Gaddafis Truppen nahmen derweil die Stadt Misrata auch das ganze Wochenende wieder mit Grad-Raketen unter schweren Beschuss. Nach Angaben lokaler Ärzte starben am Samstag und Sonntag mindestens 30 Menschen, mehr als je zuvor. Trotzdem gelang es den Rebellen offenbar, entlang des seit Wochen heftig umkämpften Tripolis-Boulevards die Oberhand zu gewinnen. Nach eigenen Angaben konnten sie die meisten Scharfschützen Gaddafis von den Hochhausdächern der 300.000 Einwohner zählenden Stadt vertreiben oder gefangen nehmen. Auch das städtische Krankenhaus und der zentrale Marktplatz sind wieder unter Kontrolle der Aufständischen. Bisher hatten die Ärzte die Verwundeten der Rebellen in kleinen, auch teilweise provisorischen Krankenstationen in der Nähe des Hafens behandeln müssen.

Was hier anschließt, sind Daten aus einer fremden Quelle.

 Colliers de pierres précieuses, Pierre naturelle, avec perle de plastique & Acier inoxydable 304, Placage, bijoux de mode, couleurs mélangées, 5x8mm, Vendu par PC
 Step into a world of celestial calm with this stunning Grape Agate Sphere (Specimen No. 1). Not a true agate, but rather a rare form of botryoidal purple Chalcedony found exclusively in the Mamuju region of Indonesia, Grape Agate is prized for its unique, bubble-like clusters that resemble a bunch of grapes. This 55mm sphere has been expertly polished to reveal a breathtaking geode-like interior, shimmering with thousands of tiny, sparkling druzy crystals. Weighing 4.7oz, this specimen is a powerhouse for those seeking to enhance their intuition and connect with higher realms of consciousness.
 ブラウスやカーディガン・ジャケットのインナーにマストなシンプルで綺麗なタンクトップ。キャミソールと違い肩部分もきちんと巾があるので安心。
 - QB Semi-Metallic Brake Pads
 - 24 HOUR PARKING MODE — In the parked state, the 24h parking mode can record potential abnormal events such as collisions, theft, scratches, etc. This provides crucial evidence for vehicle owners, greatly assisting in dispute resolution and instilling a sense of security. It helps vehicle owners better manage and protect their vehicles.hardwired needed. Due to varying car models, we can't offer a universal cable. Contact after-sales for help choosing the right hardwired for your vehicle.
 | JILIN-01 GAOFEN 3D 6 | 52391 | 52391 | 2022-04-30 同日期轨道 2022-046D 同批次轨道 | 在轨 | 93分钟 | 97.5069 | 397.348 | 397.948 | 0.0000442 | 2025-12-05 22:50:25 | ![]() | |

Von den Aufständischen gefangene Soldaten Gaddafis berichteten gegenüber BBC, die Moral in der Truppe sei schlecht. Viele würden gerne desertieren, hätten aber Angst, von den Rebellen hingerichtet zu werden. Am Samstag hatte das Regime durch seinen Vizeaußenminister Khaled Kaim ankündigen lassen, die Armee habe sich aus Misrata zurückgezogen und den Beschuss der stark zerstörten Stadt eingestellt. In Wirklichkeit jedoch stehen Gaddafis Truppen weiterhin am westlichen Standrand und beschießen die Wohnviertel durch Raketenwerfer. Eine dieser Kriegsmaschinen war am Samstag durch den Angriff einer amerikanischen Drohne zerstört worden, die nach der Ankündigung der Vereinigten Staaten in der letzten Woche erstmals über Libyen zum Einsatz kam.

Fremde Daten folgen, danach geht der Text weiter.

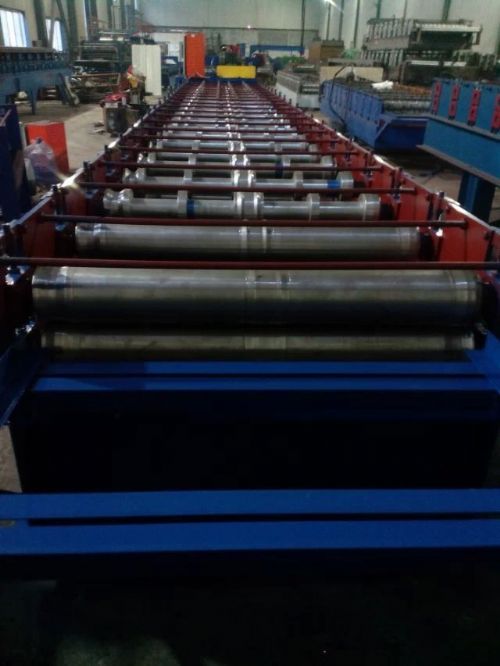 是更新传统屋面成型机的产品,该机主要由装料架,装料架支座,进料导入平台,成型主机,成型剪切装置,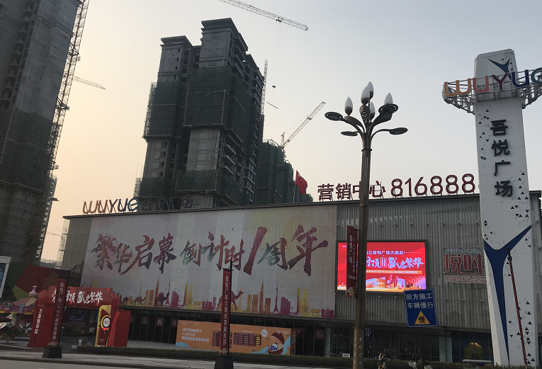 同一时间,在江宁街边,川南城际铁路三元站建设项目上,塔吊林立,站前广场配套工程正朝着明年6月底前竣工的目标加紧建设中。对面,吾悦广场上方“封顶大吉”四个大字十分醒目。不远处的新华全球购内,琳琅满目的商品已吸引了不少人气,一栋150米超高层及三栋100米高层的建筑即将傲对碧空。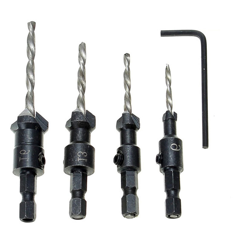 punta conica a testa svasata. Gambo: gambo esagonale. Peso del sacchetto di plastica (chiave inclusa): 86 grammi. Materiale: punta da trapano (conicità nucleo) è realizzato in HSS4241 e lo smusso nero è in acciaio al carbonio. Specifiche: Specifiche delle punte svasate Diametro della punta corrispondente (nucleo del trapano) 6#: 3 mm 10#: 3,5 mm 13#: 4 mm 16#: 4,5 mm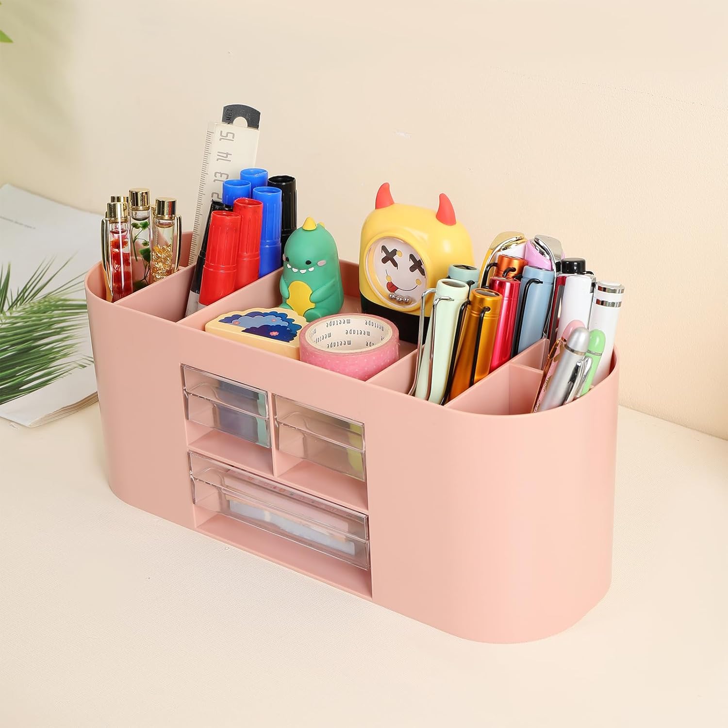 INSTOME Pencil Pen Holder for Desk with 3 Drawers - All-In-One Desk Organizer - Perfect Desk Accessories for Office Use - Stylish & Convenient Desk Organizers and Accessories (Pink)

Der Präsident des Provisorischen Nationalrates in Benghazi, Mustafa Abdel Jalil, reiste derweil nach Kuwait, was den Aufständischen einen Kredit von 120 Millionen Euro für Gehaltszahlungen zusagte. Viele Angestellte haben seit zwei Monaten kein Geld mehr erhalten, weil die Provisorische Regierung nicht über genügend Finanzmittel verfügt. Der Provisorische Nationalrat ist bisher nur von einer Handvoll Staaten als offizielle Regierung Libyens anerkannt, aus der arabischen Welt allein von Katar.

Jalil bestätigte, dass die Aufständischen inzwischen Waffen von "Freunden und Verbündeten" bekämen, weigerte sich aber, die genaue Herkunft der Lieferungen anzugeben. Die Rebellen in Misrata werden schon länger von Benghazi aus mit Waffen und Munition versorgt, die libysche Kapitäne mit kleinen Fischtrawlern oder Küstenmotorschiffen dorthin schaffen.